The gesture recognition has been designed in order to recognize them regardless of the hand. The aim of this is the interface can be managed by people with hemiplegia. These people just can move a side of their body, for instance the right hand or the left one, thus the system has been designed to recognize gestures with any of the hands. In addition, this feature is really useful for left-handed or right-handed people.

3.3 Experiments

The experimental prototype was evaluated in different environments on an HP ENVY 2.2 GHz Intel Core i7 computer with 8 GB DDR3 SDRAM at a rate of 15 fps with an RGB WebCam with resolution of 640\(\,\times \,\)480 pixels. There are no problems in capturing background images as long as the camera remains immobile and does not cause changes in that background. The clearest examples of events that generate problems for background subtraction are changes in scene lighting and shadows a person could cast while using the prototype. Techniques such as those mentioned in [6] can be used to minimize these problems. During the initial calibration, optimum results are obtained in detecting the hand by its geometry and color. Problems that arise during tracking with a decrease in accuracy rates are due to the uniform visual hand texture. This issue impedes detection of good points for tracking. However, the results shown in Table 1 are promising.

Table 1. Accuracy rate in hand posture recognition

Test videos which were included in the test sessions, were recorded with a non-uniform background and three people were doing different movements with one of their hands at the same time. The videos show opening and closing hand motions, and vertical and horizontal movements with the purpose of controlling the interface with joystick. Closing the hand, the users can control the joystick, however, if they open the hand the joystick control is released.

The videos for the test have these features:

  • 10 opening and closing hand movements (5 videos with each hand). The posture recognition was tested in two distances: 60 cm and 1 m. The subjects did 200 opening and closing movements and 20 videos were recorded totally.

  • 10 vertical motions with the close hand (5 videos with each hand). The posture recognition was tested in two distances: 60 cm and 1 m. The subjects did 200 opening and closing movements and 20 videos were recorded totally.

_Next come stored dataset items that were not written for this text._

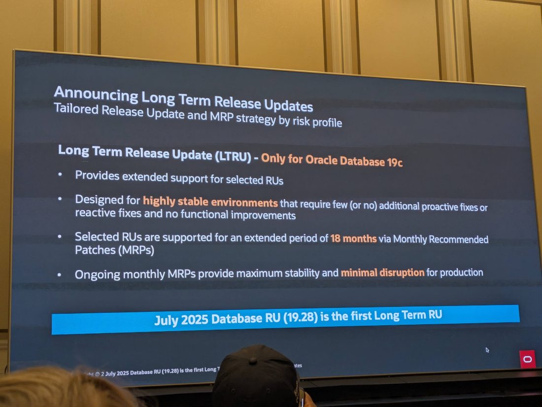 安定性を重視するユーザーにとって重要なのがこの仕組みです。特定の Release Update が長期サポートの対象となり、まずは RU 19.28 が対象になるとのアナウンスがありました。
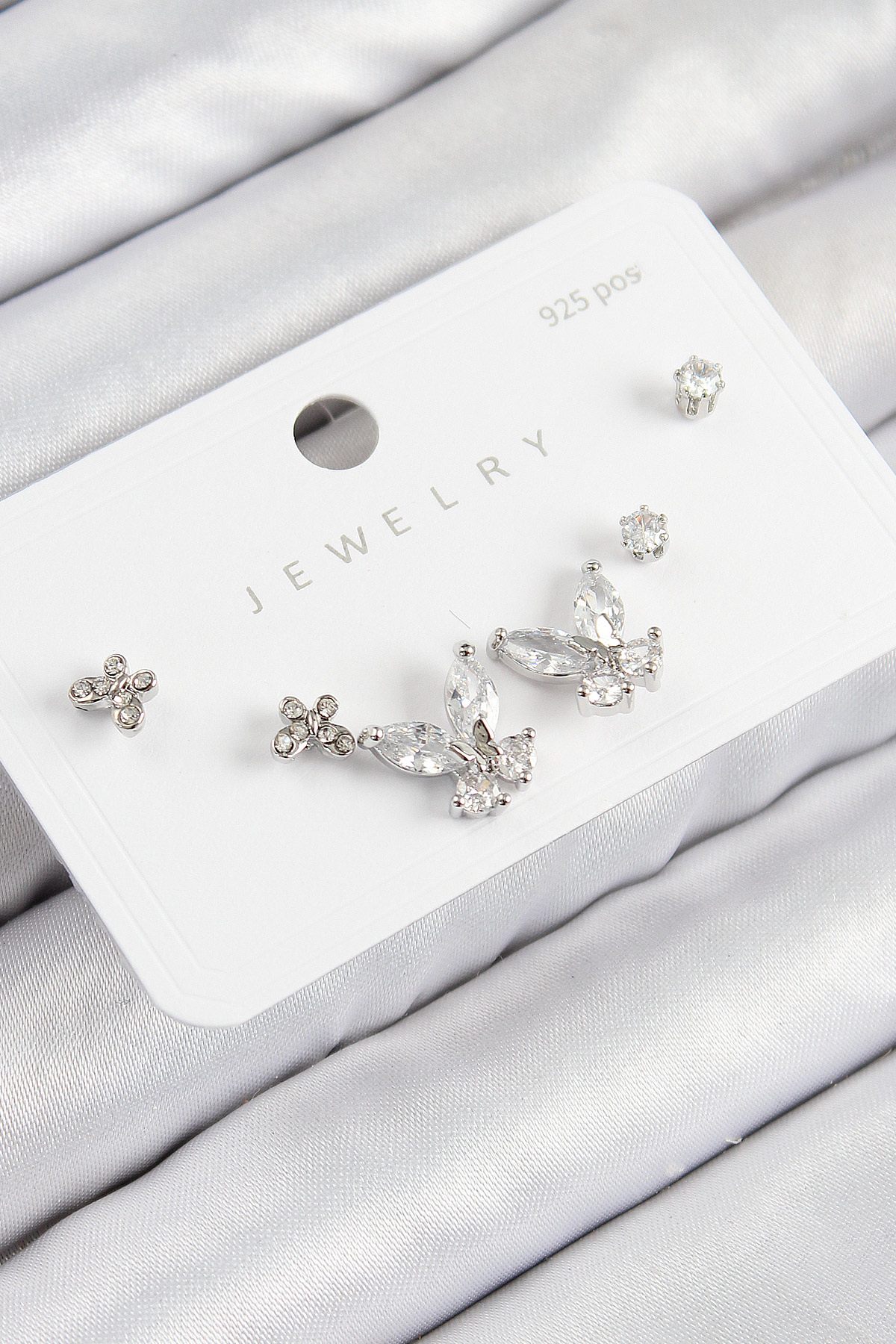 Pirinç Zirkon Taşlı Kelebek Model Gümüş Renk 925 Ayar Gümüş Çivi Kadın Küpe Set - TJ-BKP11165
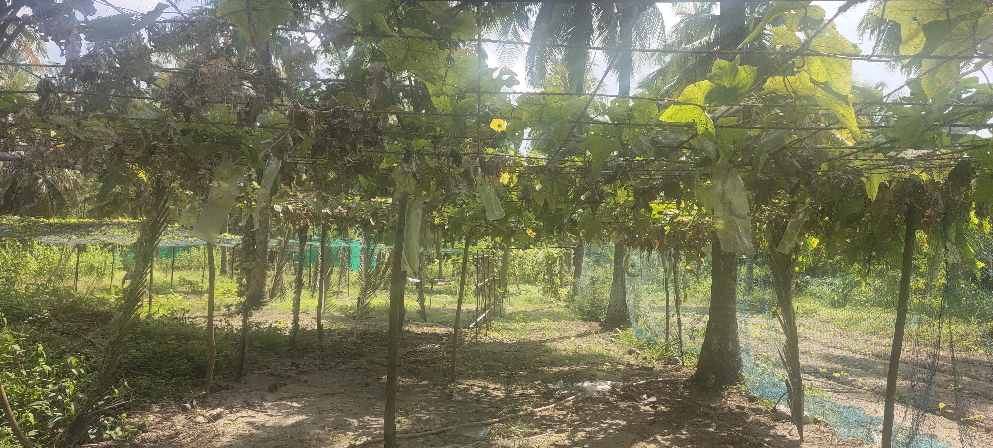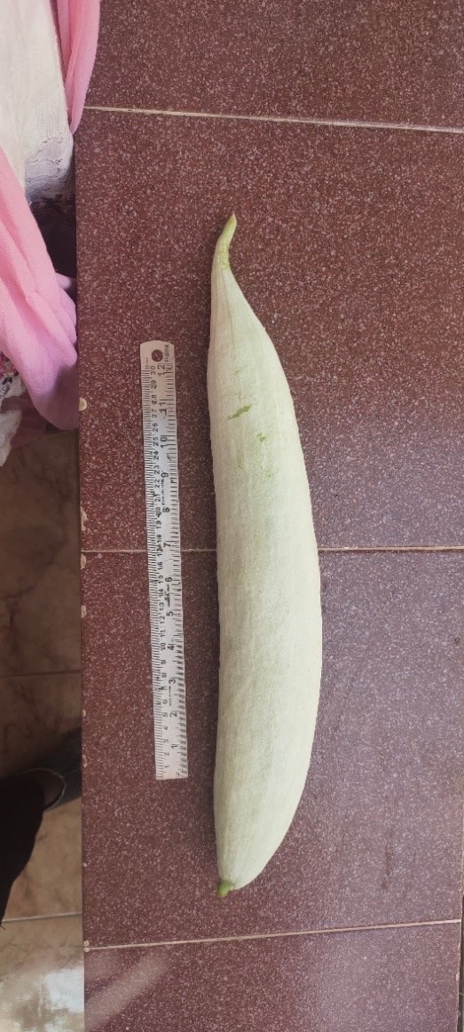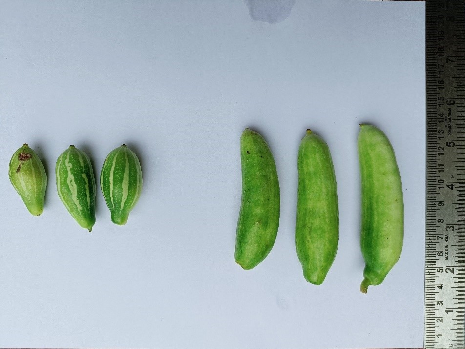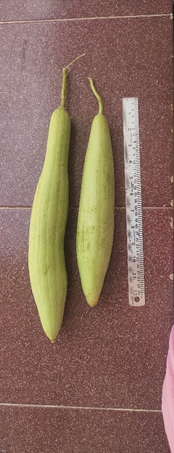 “Fulatholi” the snake gourd is one of the cucurbit crop with consumer preference in Minicoy. The hybrid seeds of variety baby snake gourd “Yuva”-baby short was tested in field of ICAR- CIARI, Minicoy for the performance evaluation in Lakshadweep under semi protected cultivation system in “Pandal” of area 20 Sq. m. The pits were made with the dimension of 60X60X100 cm and filled with cow dung manure of 2 kg/ pit, and organic micro nutrients (500g/pit), Two seedlings were planted in each pit of distance 50cm apart. The yield was 1.04 kg/ Sq.m
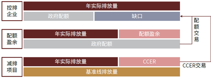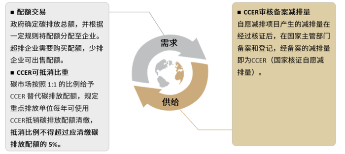 碳市场建设的本质是为体现减排的合理生态价值。目前全国碳交易市场由配额市场(强制市场)和CCER市场(自愿市场)组成。配额市场的控排企业由生态环境主管部门分配排放额度,企业可以按照自身的盈余和缺口交易;CCER市场可以通过抵消机制和配额市场产生联动,重点排放单位可使用CCER或其他减排指标,抵消不超过5%的实际排放量。
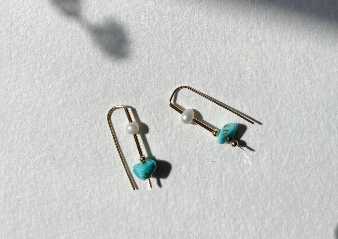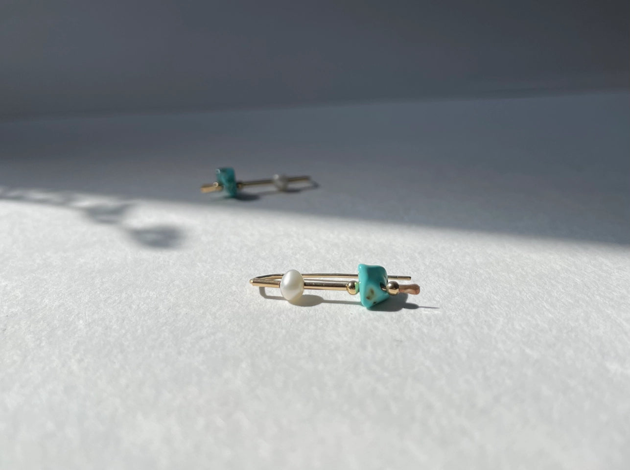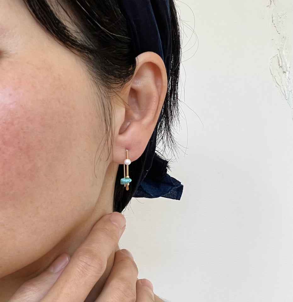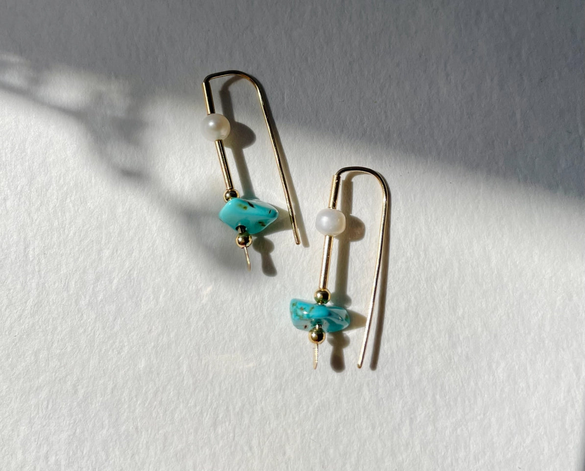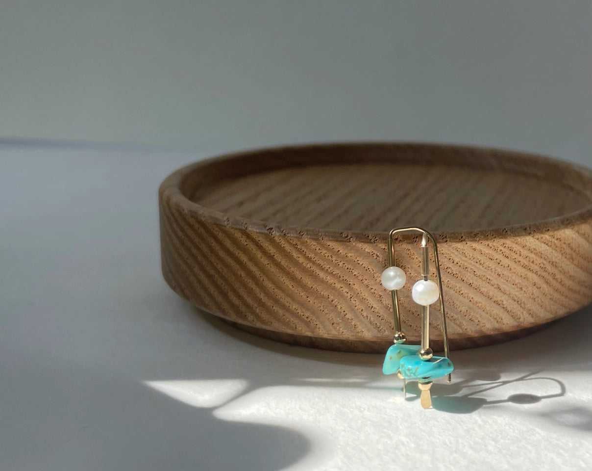 A reverie of land and sea. Earth element turquoise and water element freshwater pearl come together to represent the balance in nature. Yin and Yang.

  • 10 horizontal motions with the close hand (5 videos with each hand). The posture recognition was tested in two distances: 60 cm and 1 m. The subjects did 200 opening and closing movements and 20 videos were recorded totally.

This process was tested with three different people, using a distinct background. The video dataset has 180 videos with 1800 movements totally. The information in Table 1 shows a hit rate of 91%. However, it’s necessary to know that the users who made the test, knew the interface operation, therefore, the hit rate wasn’t reduced because of inexperienced users.

4 Conclusions and Future Work

This paper has shown evidence that the background subtraction technique, when the camera is kept stationary, is an excellent option for segmenting images. It should also be emphasized that the accuracy rate is increased by combining different techniques to detect the same object, without each technique separately having to have a high accuracy rate. Customization of hand movements and their associated effect on the device controlled is very important in natural interaction systems. And this is logical, since in daily life different people may perform the same task with different movements. The most common examples are people who are right-handed or left-handed and perform their tasks with different hands.

Future work is to recognize more gestures and attach them to another actions of the ENIA project such as moving a component or zoom in and zoom out. Apart from hand gesture recognition, we want to add face recognition intended to include this system in adaptive Web user interfaces as an interaction mechanism for selecting and managing components. For environmental intelligence, this prototype could also facilitate work in interaction and modeling of actions and behaviors in an intelligent building.